In absehbarer Zukunft könnte ein internationales Tribunal eingerichtet werden, das von einem Entschädigungsmechanismus begleitet wird. Diese Institutionen würden den Entscheidungen der einzelnen Staaten, straffreie Mechanismen zur Beschlagnahme von privatem oder staatlichem Eigentum einzuführen, zusätzliche Legitimität verleihen. Gleichzeitig können innerstaatliche Maßnahmen zur Beschlagnahme von Vermögenswerten parallel zu den Bemühungen um die Schaffung eines internationalen Rahmens erfolgen.


Internationale politische Unterstützung


Die Forderung nach einer groß angelegten Beschlagnahmung hat in prominenten internationalen Gremien wie dem Europäischen Parlament und der Parlamentarischen Versammlung des Europarats an Boden gewonnen. Das Europäische Parlament hat als Reaktion auf die Schwere der russischen Verstöße sogar die Aufhebung der Immunität in Erwägung gezogen.

Das bahnbrechende kanadische Gesetz ermöglicht die Beschlagnahme von Vermögenswerten von Personen, die Aggressionen unterstützen und ermöglichen, wobei für die Umsetzung eine gerichtliche Entscheidung erforderlich ist. Estland erwägt ebenfalls, eine Einziehungsregelung in sein nationales Recht aufzunehmen. Darüber hinaus arbeitet die EU daran, die Umgehung von Sanktionen als EU-Verbrechen einzustufen, was die Einziehung von Vermögenswerten im Zusammenhang mit kriminellen Hintergründen oder der Umgehung von Sanktionen ermöglichen würde. Es bleibt jedoch ungewiss, ob diese Maßnahmen eine wesentliche finanzielle Unterstützung für die Erholung der Ukraine darstellen werden.

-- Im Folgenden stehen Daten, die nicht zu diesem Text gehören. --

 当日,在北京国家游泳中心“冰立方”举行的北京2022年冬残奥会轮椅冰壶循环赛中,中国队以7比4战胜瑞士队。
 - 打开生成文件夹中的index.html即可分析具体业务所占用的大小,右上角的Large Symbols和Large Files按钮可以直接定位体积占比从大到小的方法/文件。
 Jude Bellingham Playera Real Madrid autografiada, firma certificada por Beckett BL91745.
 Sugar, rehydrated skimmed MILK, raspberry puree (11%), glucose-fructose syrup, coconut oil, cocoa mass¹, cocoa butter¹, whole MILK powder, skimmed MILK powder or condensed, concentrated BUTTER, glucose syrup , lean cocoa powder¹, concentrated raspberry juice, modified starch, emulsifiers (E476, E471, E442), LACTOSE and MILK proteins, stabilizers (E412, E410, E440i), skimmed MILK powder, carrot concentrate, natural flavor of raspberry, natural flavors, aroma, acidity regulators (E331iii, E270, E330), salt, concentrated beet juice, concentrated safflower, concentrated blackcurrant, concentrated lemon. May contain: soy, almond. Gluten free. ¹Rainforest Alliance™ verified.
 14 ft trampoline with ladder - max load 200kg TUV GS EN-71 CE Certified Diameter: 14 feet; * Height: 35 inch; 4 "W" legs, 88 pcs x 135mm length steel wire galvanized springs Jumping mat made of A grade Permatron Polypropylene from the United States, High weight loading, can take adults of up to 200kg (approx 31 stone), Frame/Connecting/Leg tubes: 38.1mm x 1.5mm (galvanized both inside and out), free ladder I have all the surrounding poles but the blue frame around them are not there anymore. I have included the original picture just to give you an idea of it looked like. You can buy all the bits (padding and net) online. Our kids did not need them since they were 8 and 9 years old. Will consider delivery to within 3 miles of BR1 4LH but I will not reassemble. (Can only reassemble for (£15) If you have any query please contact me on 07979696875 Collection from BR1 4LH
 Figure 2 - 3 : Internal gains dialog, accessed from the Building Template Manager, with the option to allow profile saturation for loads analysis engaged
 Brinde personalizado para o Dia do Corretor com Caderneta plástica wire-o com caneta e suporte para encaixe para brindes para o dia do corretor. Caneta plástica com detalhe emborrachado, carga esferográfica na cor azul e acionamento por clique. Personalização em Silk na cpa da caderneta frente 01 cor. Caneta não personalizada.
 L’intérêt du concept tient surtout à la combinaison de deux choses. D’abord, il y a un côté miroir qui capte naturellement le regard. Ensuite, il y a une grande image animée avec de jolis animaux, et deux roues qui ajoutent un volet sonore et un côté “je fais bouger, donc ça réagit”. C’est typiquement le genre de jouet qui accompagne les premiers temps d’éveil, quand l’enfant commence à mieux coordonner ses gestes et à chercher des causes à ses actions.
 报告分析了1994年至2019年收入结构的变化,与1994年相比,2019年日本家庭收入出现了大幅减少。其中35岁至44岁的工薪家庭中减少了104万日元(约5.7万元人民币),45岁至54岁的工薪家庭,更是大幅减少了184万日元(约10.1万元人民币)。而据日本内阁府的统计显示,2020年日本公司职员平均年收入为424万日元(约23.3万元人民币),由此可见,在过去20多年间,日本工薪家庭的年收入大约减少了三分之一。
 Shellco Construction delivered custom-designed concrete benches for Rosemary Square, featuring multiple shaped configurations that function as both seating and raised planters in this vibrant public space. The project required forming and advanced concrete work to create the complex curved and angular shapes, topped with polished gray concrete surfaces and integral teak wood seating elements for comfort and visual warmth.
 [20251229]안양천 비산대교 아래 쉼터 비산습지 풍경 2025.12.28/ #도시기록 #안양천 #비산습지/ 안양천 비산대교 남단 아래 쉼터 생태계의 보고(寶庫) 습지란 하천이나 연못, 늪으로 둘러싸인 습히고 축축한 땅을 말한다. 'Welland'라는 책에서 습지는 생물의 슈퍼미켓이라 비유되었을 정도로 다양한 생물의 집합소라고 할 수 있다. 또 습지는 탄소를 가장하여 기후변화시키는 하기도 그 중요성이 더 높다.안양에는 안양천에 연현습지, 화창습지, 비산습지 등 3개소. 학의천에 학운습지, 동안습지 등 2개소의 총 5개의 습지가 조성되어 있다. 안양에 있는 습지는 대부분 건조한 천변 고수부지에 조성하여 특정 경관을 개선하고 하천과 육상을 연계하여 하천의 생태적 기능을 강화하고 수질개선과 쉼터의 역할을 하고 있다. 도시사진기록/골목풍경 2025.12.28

Zusammenfassend lässt sich sagen, dass die Beschlagnahmung russischer Vermögenswerte, sowohl staatlicher als auch privater, ein komplexer, aber zunehmend gerechtfertigter Ansatz zur Durchsetzung internationaler Verpflichtungen ist. Während die internationale Gemeinschaft dieses schwierige Terrain durchquert, wird ein sorgfältiges Gleichgewicht zwischen Gerechtigkeit und Pragmatismus von entscheidender Bedeutung sein, um die Folgen der Aggression zu bewältigen und gleichzeitig die Grundsätze des Völkerrechts zu wahren.